The he got near the last move - a funky roll over onto a dicey slab move. It was hot out and Yabo was sweating and shaking fiercely. So he takes his shirt off for the last move!
He was shaking like a leaf in a hundred mile per hour wind and he rolled into the slab move and climbed away. Norden was facing in the other direction - he couldn't watch.
Me and Norden went over to the Scatterbrain boulder and were talking about what we just saw. We both thought we should tell Yabo to cool it or he was going to get killed. Just then Yabo popped up on a boulder above us and said,"Who are you guys to tell me anything. I just soloed Spiderline!". Then he spirited away. He obviously overheard our conversation
When I ran into him later he had cooled off a bit. I did notice the largest hand jam gobie I have ever seen - on the back of Yabo's right hand. It was as round and almost as thick as a half dollar...the dude hung on hard.
-John Bachar
This next one isn't really a photo per say, and it definitely isn't amateur, but a moment caught on film all the same.

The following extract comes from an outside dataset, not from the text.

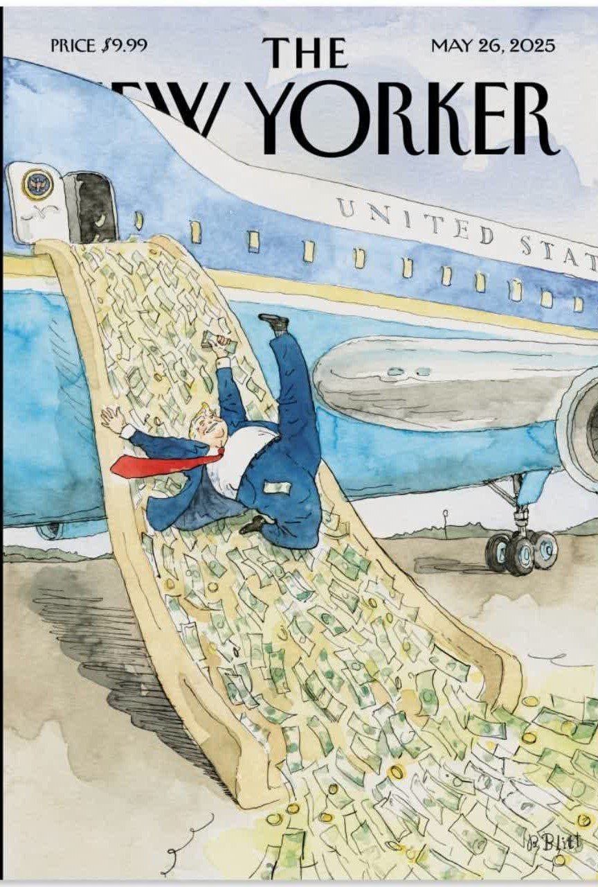 طرح روى جلد مجله نيويوركر: بازگشت ترامپ از سفر به 3 کشور ثروتمند عربی
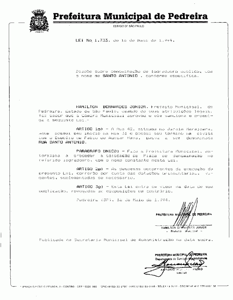 Ementa: Dispõe sobre denominação de logradouro público, com o nome de Santo Antonio, conforme especifica.

Its from the bad ass flick Masters of Stone VI (available from http://mastersofstone.com/) and is on the video below:
There is a moment as dean cuts his feet to turn the lip move... almost anyone I know in that situation would be thinking PRECISION! CONTROL! MOVE PERFECTLY AND EXACTLY TO THE LIP AND EXECUTE THE MANTLE! But not Dean... he makes eye contact with you like a lion on top of its fresh kill, and stays there. You realize that Dean wants to be there, that he is thriving. He is in the moment, not 'doing a climb' but having an experience.
I'm not an adrenaline junkie, I can't mountain bike very well or snowboard or ski, even skateboarding scares me. The few dinky solo(ish) things I've done were never about that, and I look for that in inspiration, where I know that the climber is a samurai hopping among boulders in a roaring stream, not a gladiator in an arena.
a side note.... before biotch re-sized the Nat.Geo pic , I noticed a
rope piled on the ledge below thank god ledge...? wonder what the story
is on that?
a side note.... before biotch re-sized the Nat.Geo pic , I noticed a
rope piled on the ledge below thank god ledge...? wonder what the story
is on that?
Cool photos, the Bachar photo of Croft on the Rostrum, Bachar on OZ & the one Ron posted above are my 3 favorites & they all blow my mind as much now as they did when I first saw them.